BEGIN

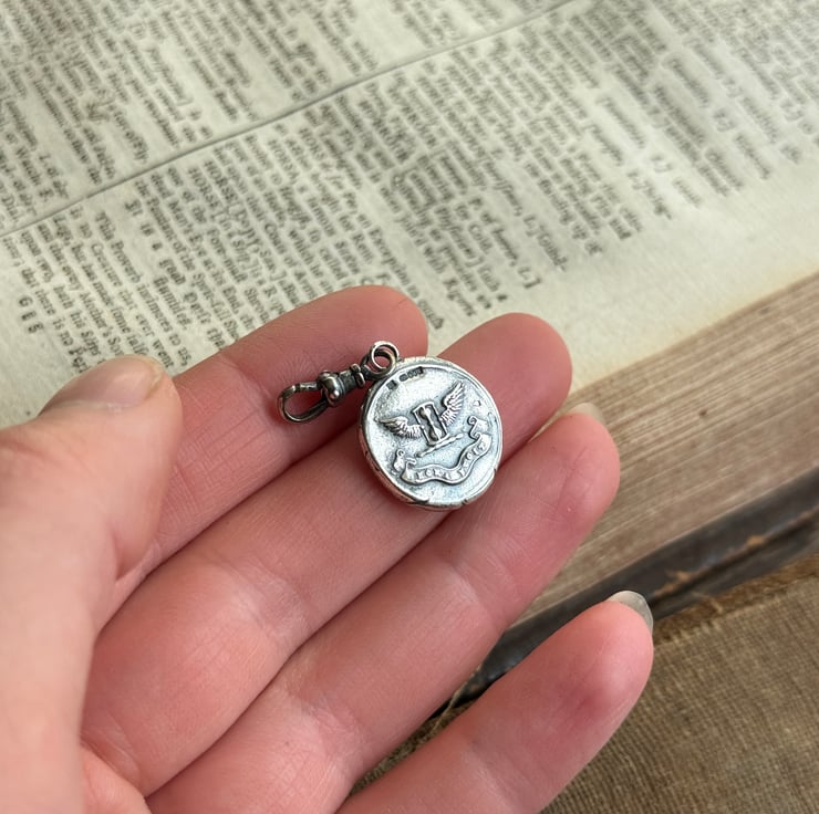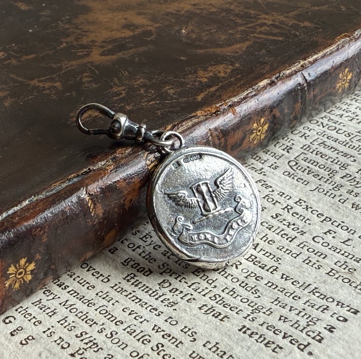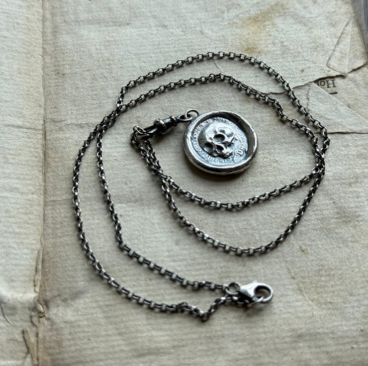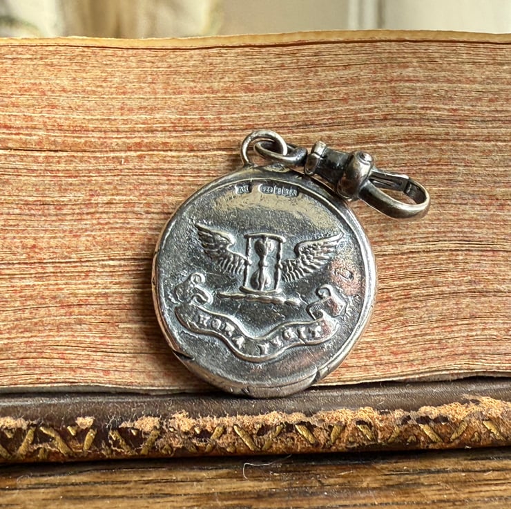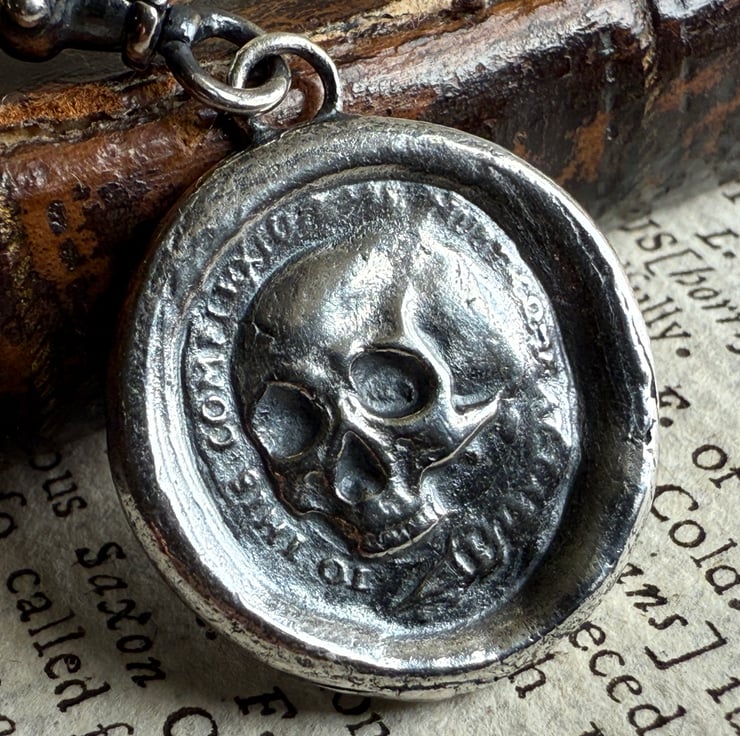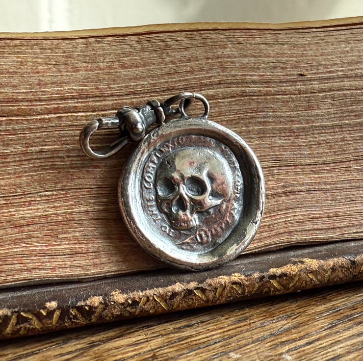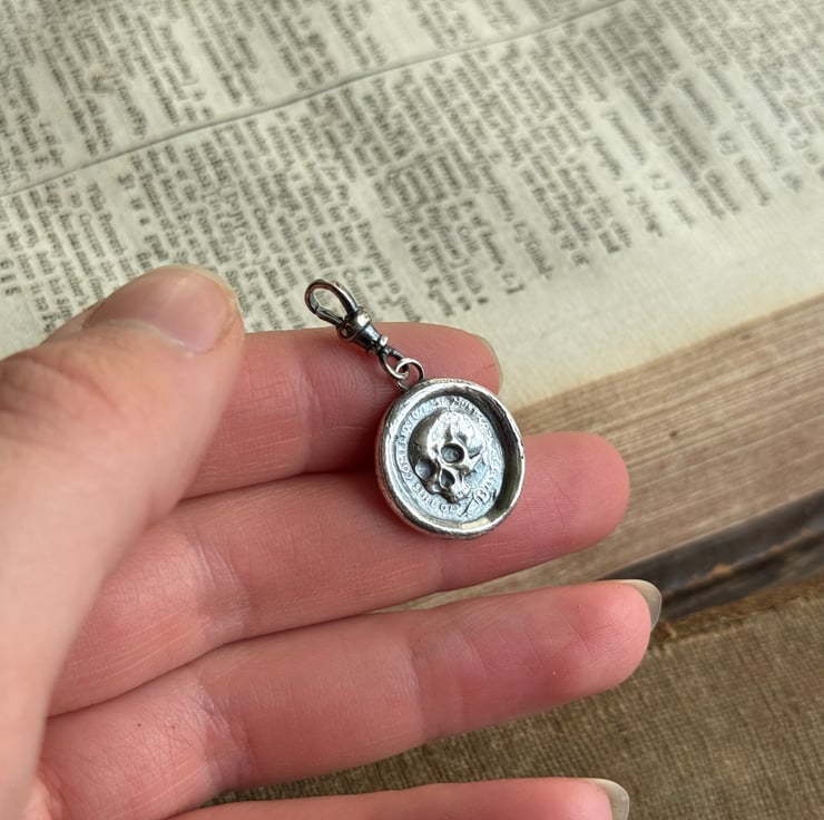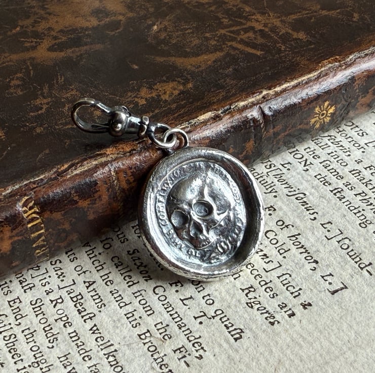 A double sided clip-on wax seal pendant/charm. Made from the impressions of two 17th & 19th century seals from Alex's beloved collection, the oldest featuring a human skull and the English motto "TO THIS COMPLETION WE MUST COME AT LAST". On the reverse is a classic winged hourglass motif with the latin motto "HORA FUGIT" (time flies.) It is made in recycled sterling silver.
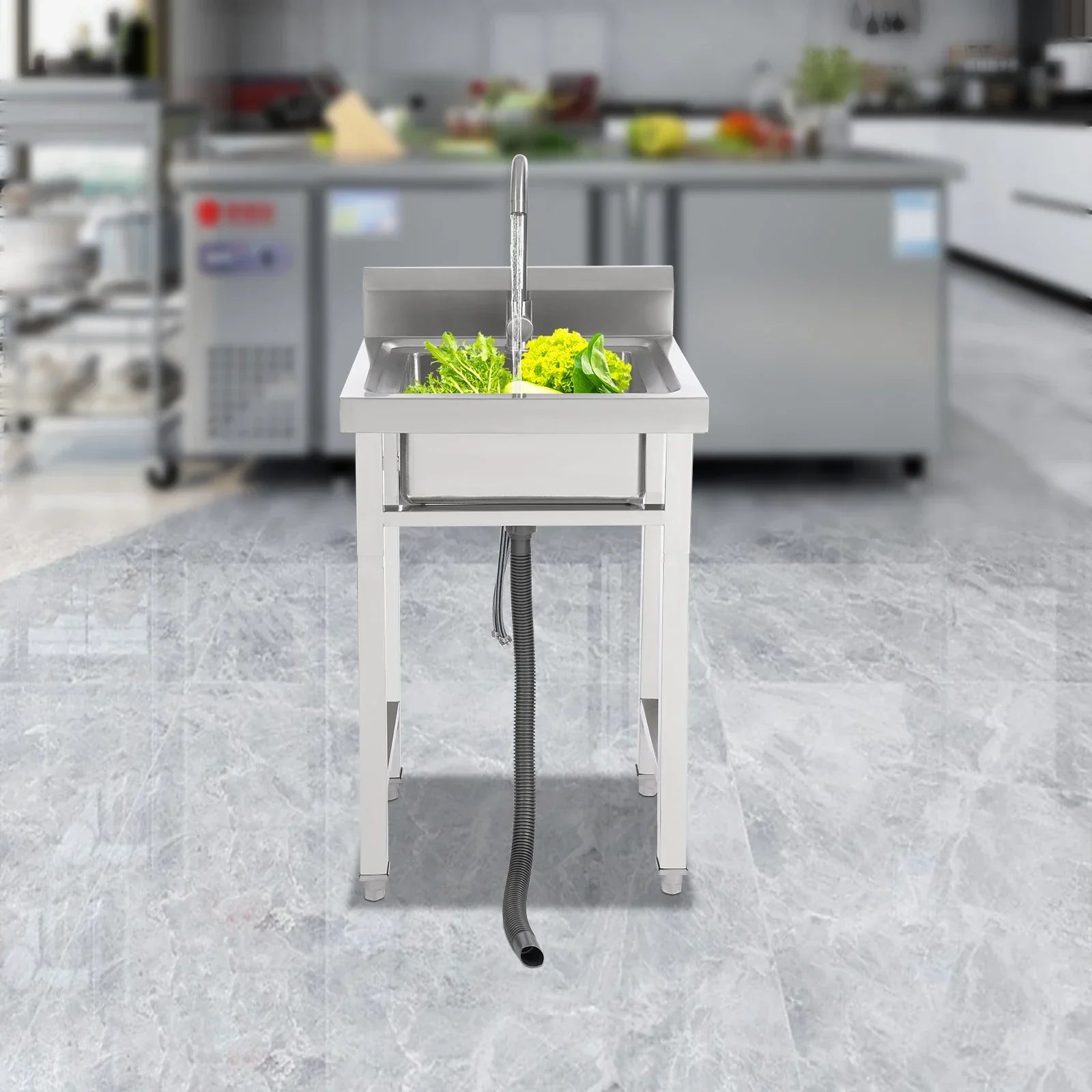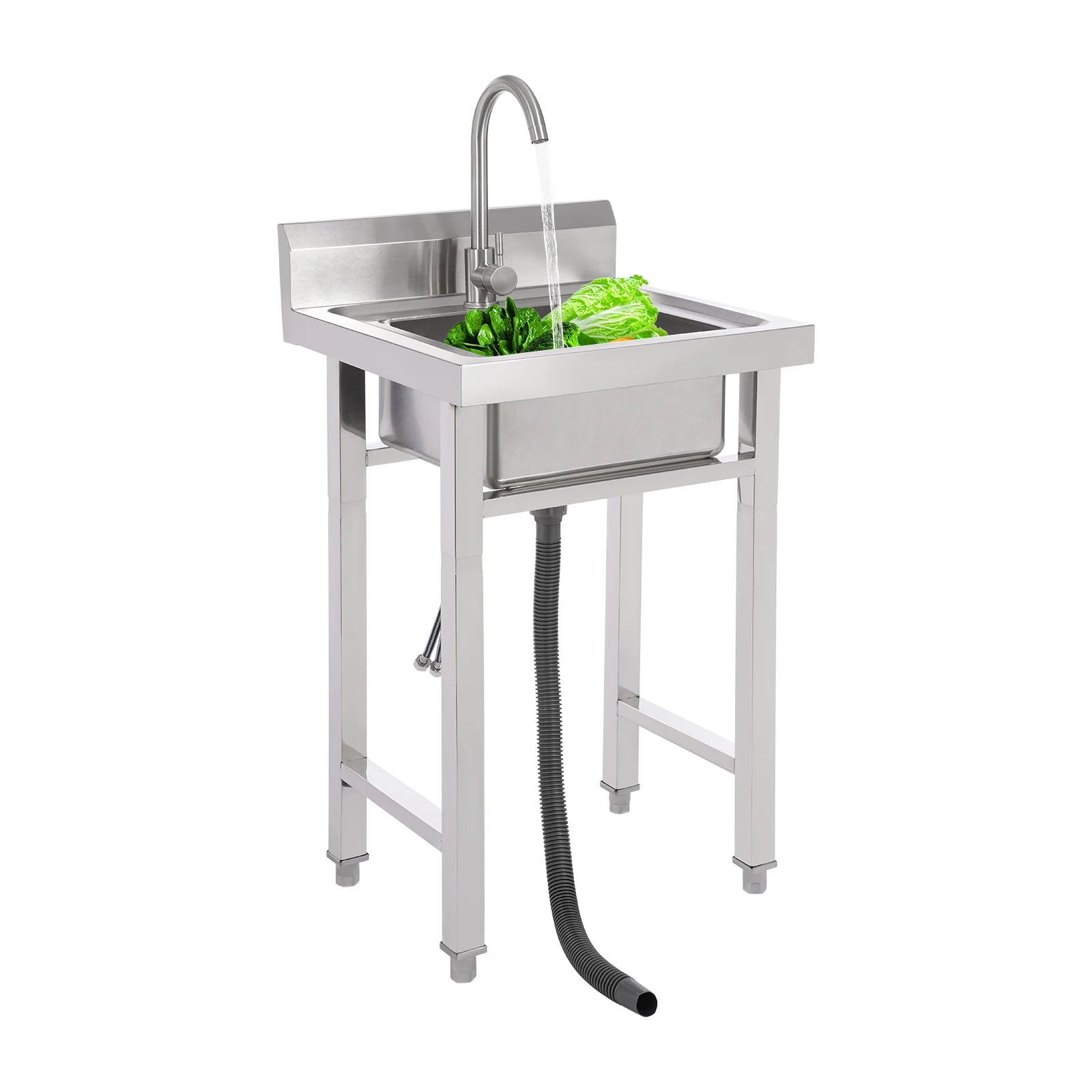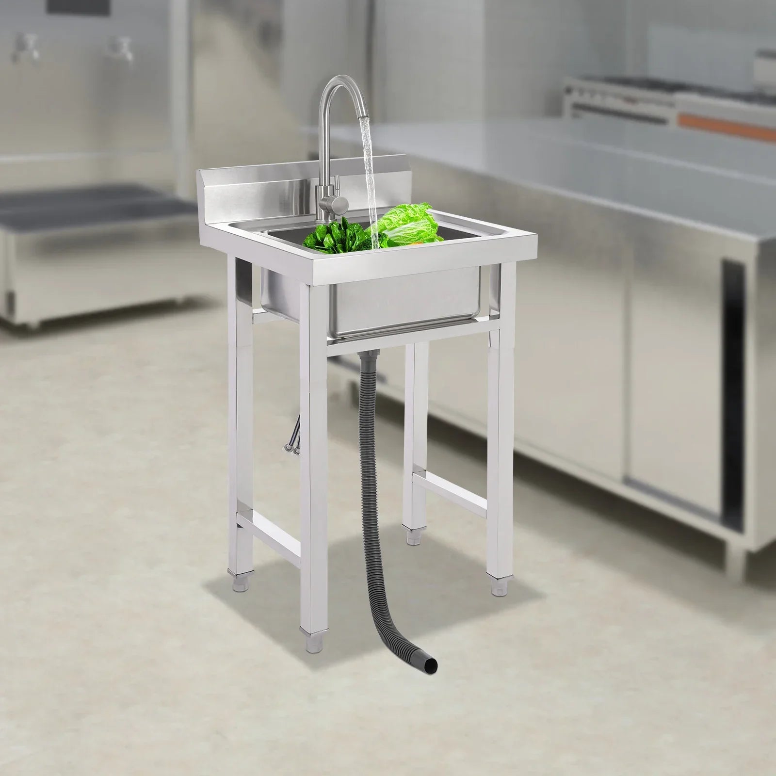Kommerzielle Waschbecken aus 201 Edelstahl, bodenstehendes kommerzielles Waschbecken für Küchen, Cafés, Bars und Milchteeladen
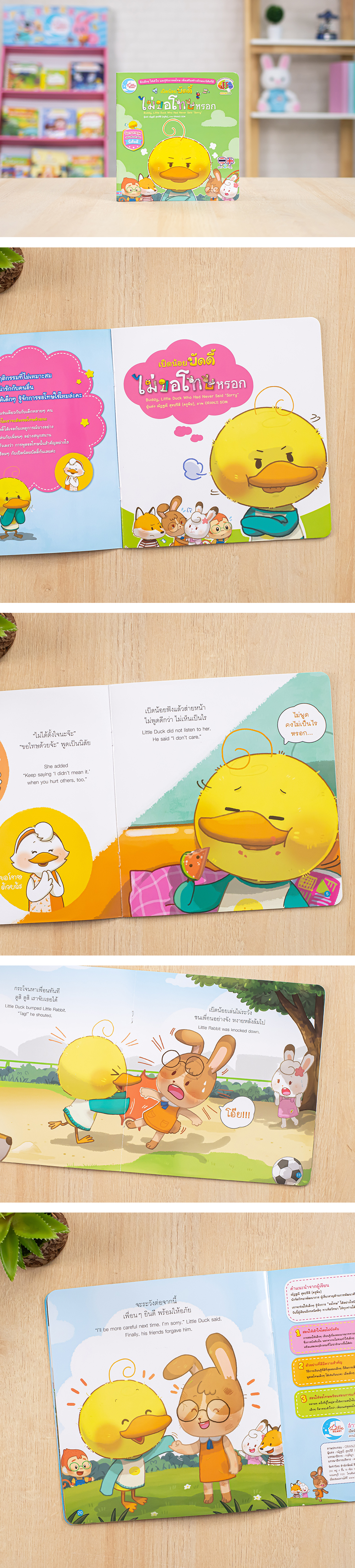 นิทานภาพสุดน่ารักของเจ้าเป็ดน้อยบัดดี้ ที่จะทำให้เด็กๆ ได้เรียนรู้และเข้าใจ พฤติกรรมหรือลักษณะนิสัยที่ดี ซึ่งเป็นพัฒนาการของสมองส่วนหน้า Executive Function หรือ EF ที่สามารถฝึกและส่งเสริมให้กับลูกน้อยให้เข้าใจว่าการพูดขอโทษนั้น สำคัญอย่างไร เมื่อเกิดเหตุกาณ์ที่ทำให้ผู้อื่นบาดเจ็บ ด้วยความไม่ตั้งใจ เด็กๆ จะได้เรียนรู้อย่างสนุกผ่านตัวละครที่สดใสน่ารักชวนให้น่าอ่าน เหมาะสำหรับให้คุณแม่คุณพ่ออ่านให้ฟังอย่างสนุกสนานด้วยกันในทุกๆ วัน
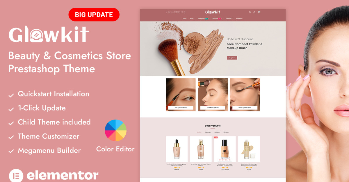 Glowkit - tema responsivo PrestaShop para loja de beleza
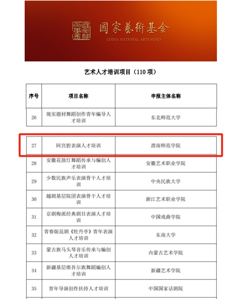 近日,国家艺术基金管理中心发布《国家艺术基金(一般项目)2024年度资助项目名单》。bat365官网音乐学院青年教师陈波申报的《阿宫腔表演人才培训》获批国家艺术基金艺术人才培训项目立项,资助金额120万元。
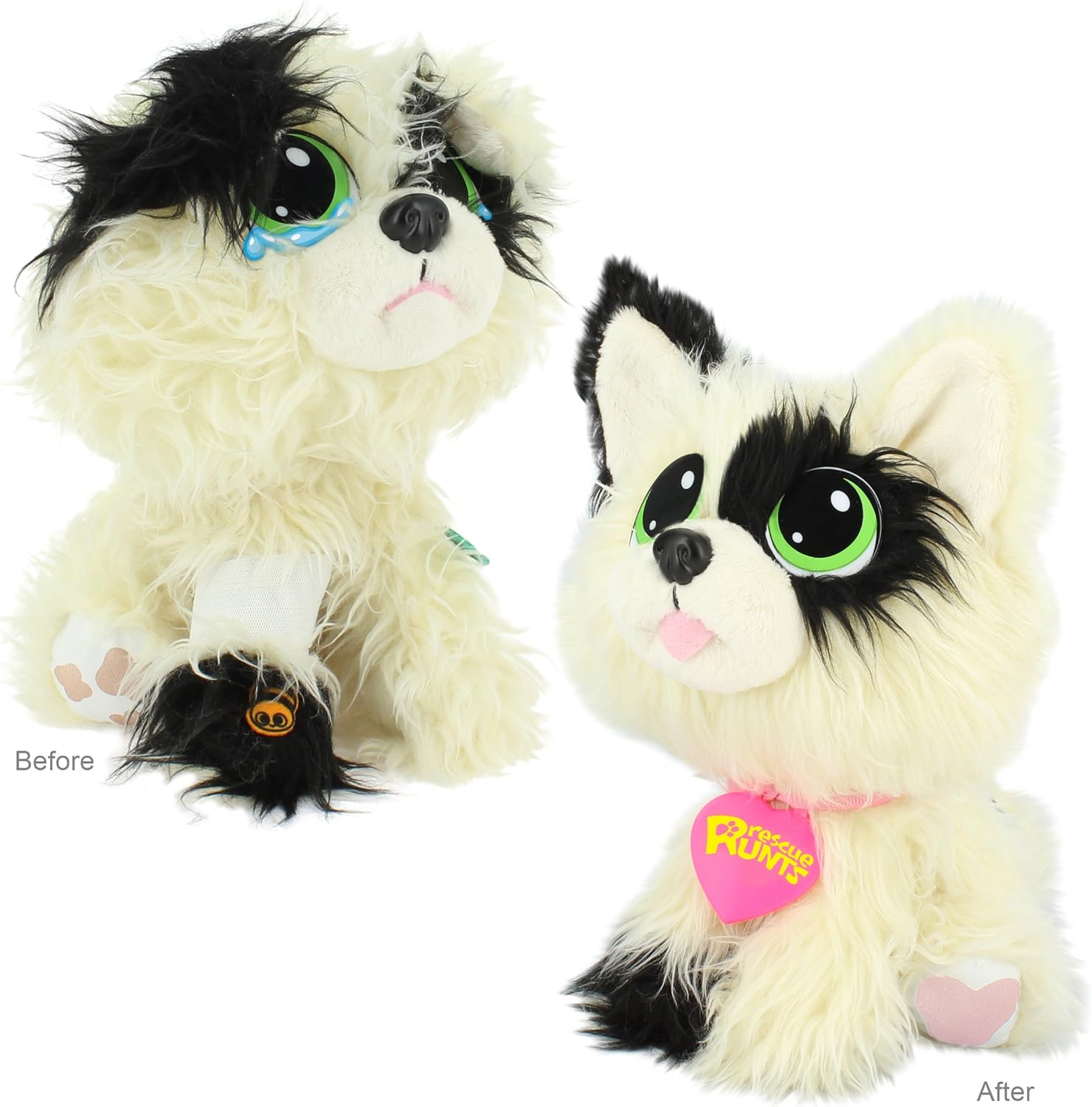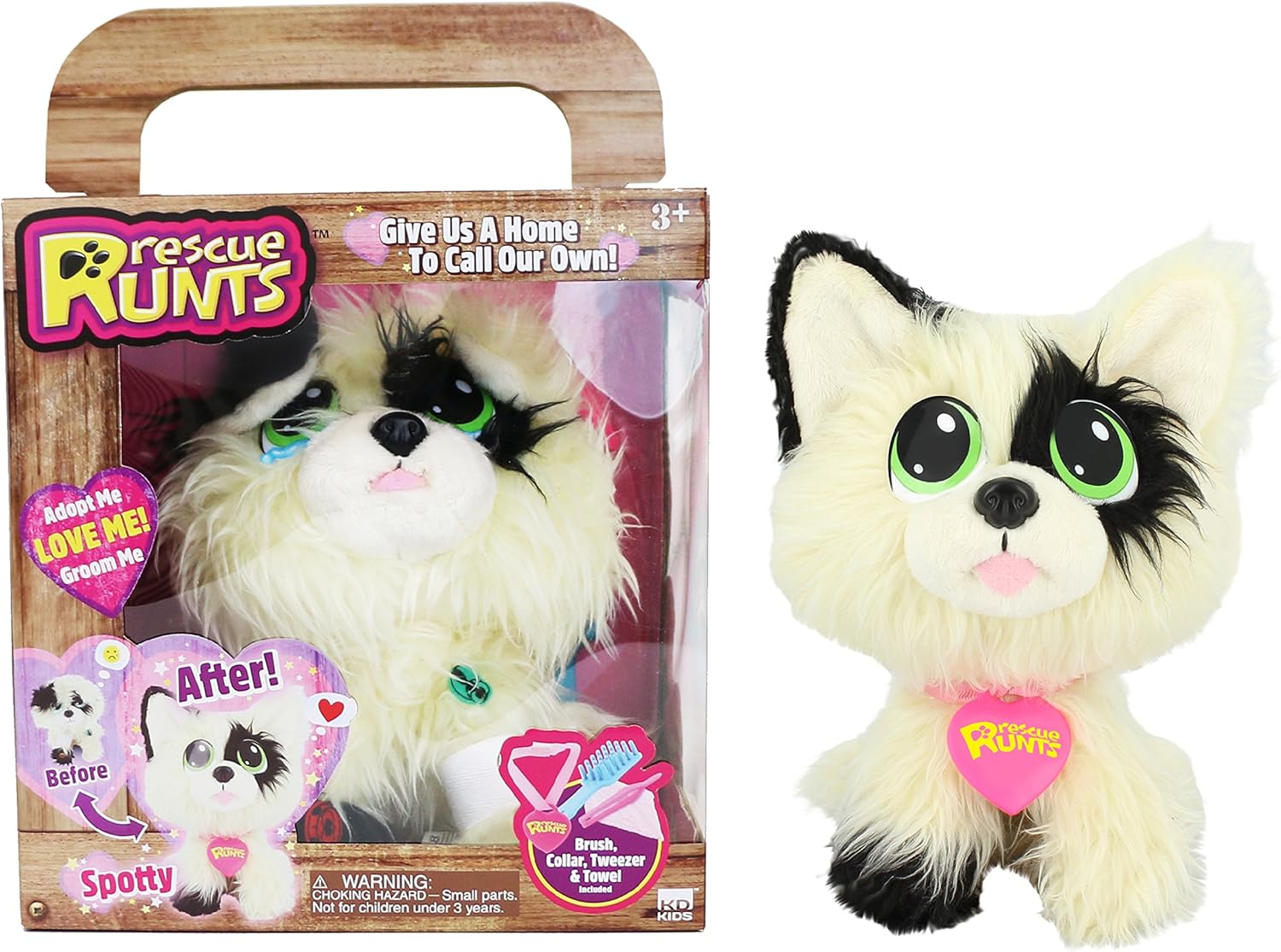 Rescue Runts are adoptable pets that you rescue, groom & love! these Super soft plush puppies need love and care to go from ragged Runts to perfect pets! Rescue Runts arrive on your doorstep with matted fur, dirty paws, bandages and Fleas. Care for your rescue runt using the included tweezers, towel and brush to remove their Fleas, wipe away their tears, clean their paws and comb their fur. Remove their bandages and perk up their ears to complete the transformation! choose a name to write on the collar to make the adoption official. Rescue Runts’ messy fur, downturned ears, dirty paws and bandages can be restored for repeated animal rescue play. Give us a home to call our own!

END

## [Problem to solve]
From the line containing "Glowkit - tema" to the last line of the material, every line is to be reproduced exactly. No picture belongs in the copy.

## [Response to this task]
 Glowkit - tema responsivo PrestaShop para loja de beleza
 近日,国家艺术基金管理中心发布《国家艺术基金(一般项目)2024年度资助项目名单》。bat365官网音乐学院青年教师陈波申报的《阿宫腔表演人才培训》获批国家艺术基金艺术人才培训项目立项,资助金额120万元。
 Rescue Runts are adoptable pets that you rescue, groom & love! these Super soft plush puppies need love and care to go from ragged Runts to perfect pets! Rescue Runts arrive on your doorstep with matted fur, dirty paws, bandages and Fleas. Care for your rescue runt using the included tweezers, towel and brush to remove their Fleas, wipe away their tears, clean their paws and comb their fur. Remove their bandages and perk up their ears to complete the transformation! choose a name to write on the collar to make the adoption official. Rescue Runts’ messy fur, downturned ears, dirty paws and bandages can be restored for repeated animal rescue play. Give us a home to call our own!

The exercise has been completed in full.